[PROBLEM REQUIREMENTS] Your copy should begin with the line containing "Stylish Design: This", end with the line containing "Diese neuwertige Wohnung", match the listing below exactly, and contain no pictures.

[MATERIAL PROVIDED]
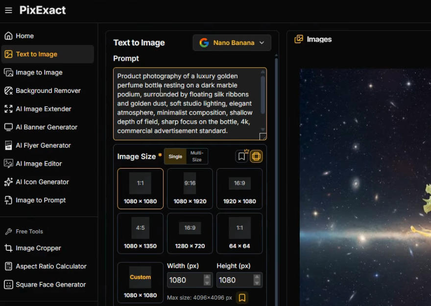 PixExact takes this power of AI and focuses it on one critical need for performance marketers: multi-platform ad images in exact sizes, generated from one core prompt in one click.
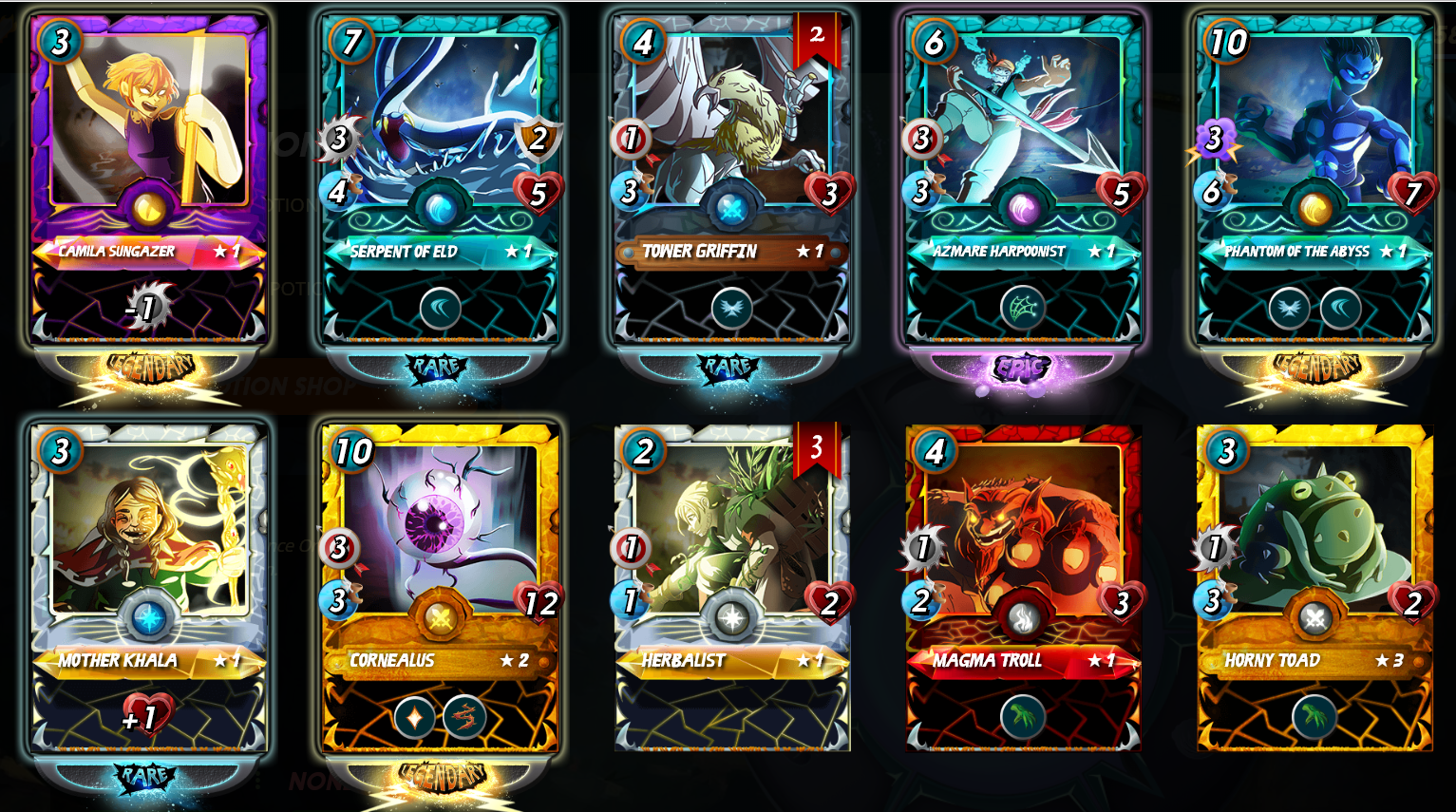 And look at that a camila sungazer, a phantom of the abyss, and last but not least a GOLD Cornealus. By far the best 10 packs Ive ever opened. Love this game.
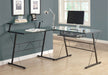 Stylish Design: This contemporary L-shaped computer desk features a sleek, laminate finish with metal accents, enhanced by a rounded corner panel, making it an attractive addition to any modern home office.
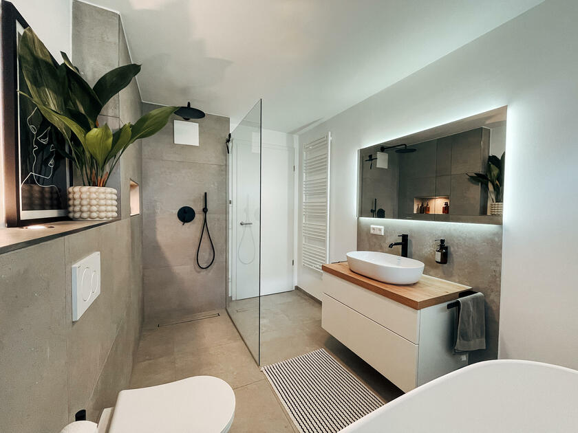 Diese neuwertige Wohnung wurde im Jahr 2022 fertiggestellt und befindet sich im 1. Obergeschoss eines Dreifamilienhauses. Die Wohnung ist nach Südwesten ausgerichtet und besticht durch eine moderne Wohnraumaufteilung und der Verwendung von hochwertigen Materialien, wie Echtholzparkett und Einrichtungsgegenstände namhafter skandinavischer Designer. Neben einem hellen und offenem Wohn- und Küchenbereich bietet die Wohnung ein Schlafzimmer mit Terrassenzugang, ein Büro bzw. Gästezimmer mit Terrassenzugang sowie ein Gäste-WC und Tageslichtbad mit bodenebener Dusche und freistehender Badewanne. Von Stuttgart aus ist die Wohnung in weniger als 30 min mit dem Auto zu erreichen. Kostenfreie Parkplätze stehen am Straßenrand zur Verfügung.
* * *
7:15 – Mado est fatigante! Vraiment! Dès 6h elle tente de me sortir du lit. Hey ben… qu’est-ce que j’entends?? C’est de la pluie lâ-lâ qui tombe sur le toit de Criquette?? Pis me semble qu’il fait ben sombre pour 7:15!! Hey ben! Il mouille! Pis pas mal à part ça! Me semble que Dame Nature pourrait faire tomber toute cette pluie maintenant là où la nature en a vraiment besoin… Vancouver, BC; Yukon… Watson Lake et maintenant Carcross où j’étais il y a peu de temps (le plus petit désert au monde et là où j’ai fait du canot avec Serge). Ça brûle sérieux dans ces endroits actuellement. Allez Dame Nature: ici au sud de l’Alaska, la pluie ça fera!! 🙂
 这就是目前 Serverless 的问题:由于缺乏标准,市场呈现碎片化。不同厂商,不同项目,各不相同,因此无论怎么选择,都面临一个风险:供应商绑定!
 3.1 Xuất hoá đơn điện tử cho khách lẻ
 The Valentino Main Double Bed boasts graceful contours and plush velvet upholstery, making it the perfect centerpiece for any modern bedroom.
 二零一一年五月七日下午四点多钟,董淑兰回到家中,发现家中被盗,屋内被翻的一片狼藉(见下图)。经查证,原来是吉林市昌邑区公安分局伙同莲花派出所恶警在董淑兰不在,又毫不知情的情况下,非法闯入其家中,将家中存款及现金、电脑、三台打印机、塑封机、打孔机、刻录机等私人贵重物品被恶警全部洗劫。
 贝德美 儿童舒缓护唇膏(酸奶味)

[SOLUTION FOR THIS TASK]
 Stylish Design: This contemporary L-shaped computer desk features a sleek, laminate finish with metal accents, enhanced by a rounded corner panel, making it an attractive addition to any modern home office.
 Diese neuwertige Wohnung wurde im Jahr 2022 fertiggestellt und befindet sich im 1. Obergeschoss eines Dreifamilienhauses. Die Wohnung ist nach Südwesten ausgerichtet und besticht durch eine moderne Wohnraumaufteilung und der Verwendung von hochwertigen Materialien, wie Echtholzparkett und Einrichtungsgegenstände namhafter skandinavischer Designer. Neben einem hellen und offenem Wohn- und Küchenbereich bietet die Wohnung ein Schlafzimmer mit Terrassenzugang, ein Büro bzw. Gästezimmer mit Terrassenzugang sowie ein Gäste-WC und Tageslichtbad mit bodenebener Dusche und freistehender Badewanne. Von Stuttgart aus ist die Wohnung in weniger als 30 min mit dem Auto zu erreichen. Kostenfreie Parkplätze stehen am Straßenrand zur Verfügung.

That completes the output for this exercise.